INFORMATION SUPPLIED —
'''
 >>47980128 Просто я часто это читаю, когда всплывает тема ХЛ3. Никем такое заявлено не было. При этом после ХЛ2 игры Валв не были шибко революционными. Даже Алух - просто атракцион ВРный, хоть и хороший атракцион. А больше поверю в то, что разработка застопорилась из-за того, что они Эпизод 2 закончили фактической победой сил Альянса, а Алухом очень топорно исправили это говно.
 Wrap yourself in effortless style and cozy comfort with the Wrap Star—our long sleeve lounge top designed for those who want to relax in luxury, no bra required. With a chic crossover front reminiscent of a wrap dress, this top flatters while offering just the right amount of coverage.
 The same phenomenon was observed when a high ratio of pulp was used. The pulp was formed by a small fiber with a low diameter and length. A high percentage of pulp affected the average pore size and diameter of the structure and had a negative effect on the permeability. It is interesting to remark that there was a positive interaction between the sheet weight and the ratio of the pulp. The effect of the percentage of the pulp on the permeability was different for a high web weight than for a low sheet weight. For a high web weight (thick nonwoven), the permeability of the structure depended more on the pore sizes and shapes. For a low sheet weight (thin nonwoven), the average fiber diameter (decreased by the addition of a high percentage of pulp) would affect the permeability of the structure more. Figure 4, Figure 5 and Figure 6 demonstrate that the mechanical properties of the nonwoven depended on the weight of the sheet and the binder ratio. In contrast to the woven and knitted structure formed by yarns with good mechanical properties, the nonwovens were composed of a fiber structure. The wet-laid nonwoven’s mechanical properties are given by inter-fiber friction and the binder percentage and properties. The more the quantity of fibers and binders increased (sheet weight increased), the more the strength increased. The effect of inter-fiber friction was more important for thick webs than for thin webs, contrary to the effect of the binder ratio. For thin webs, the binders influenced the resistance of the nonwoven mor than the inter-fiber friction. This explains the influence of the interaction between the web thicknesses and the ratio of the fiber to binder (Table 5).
'''
'''
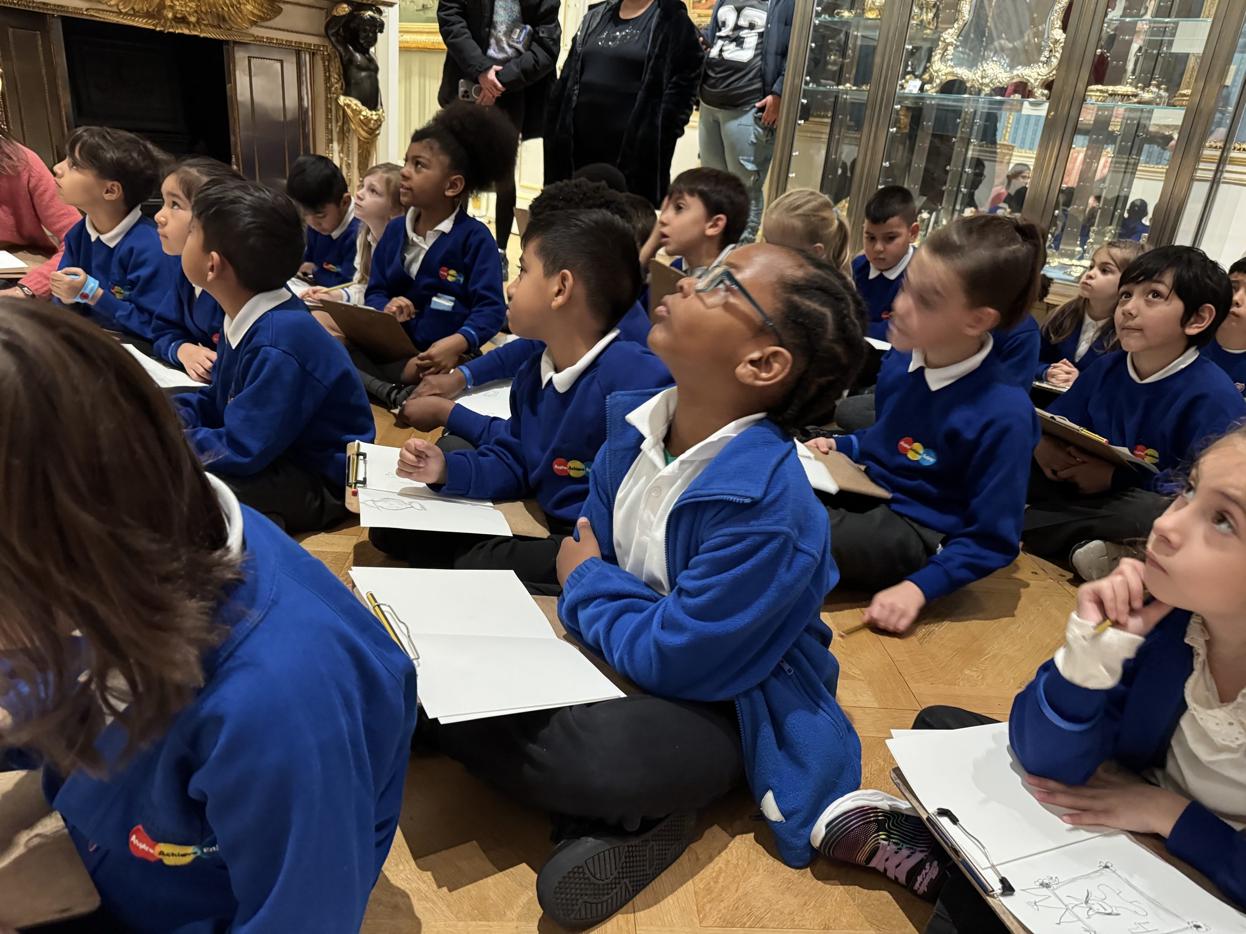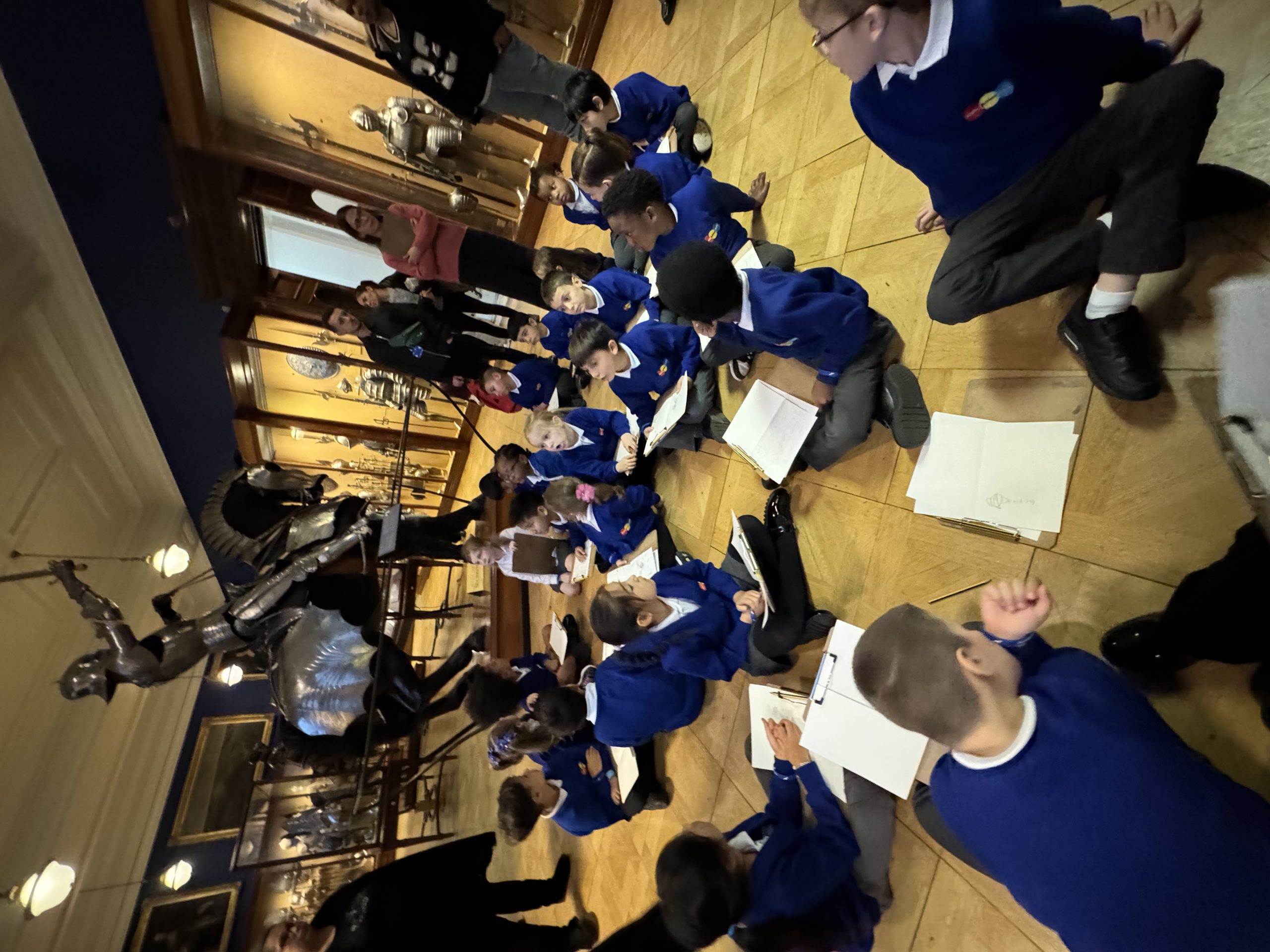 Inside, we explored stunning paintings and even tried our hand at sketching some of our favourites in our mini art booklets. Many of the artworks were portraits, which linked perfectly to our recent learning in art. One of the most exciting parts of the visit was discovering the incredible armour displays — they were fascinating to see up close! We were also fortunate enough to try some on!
'''
'''
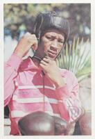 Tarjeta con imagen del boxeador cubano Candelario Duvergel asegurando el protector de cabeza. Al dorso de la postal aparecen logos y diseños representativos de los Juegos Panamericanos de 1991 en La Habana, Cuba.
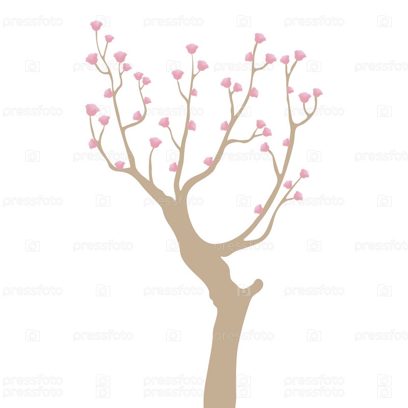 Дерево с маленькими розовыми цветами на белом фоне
'''
EXERCISE PROMPT —
Print everything from the line with "Tarjeta con imagen" down to the line with "Дерево с маленькими" in the entries above, both lines included and nothing more, without the pictures.

EXERCISE RESULT —
 Tarjeta con imagen del boxeador cubano Candelario Duvergel asegurando el protector de cabeza. Al dorso de la postal aparecen logos y diseños representativos de los Juegos Panamericanos de 1991 en La Habana, Cuba.
 Дерево с маленькими розовыми цветами на белом фоне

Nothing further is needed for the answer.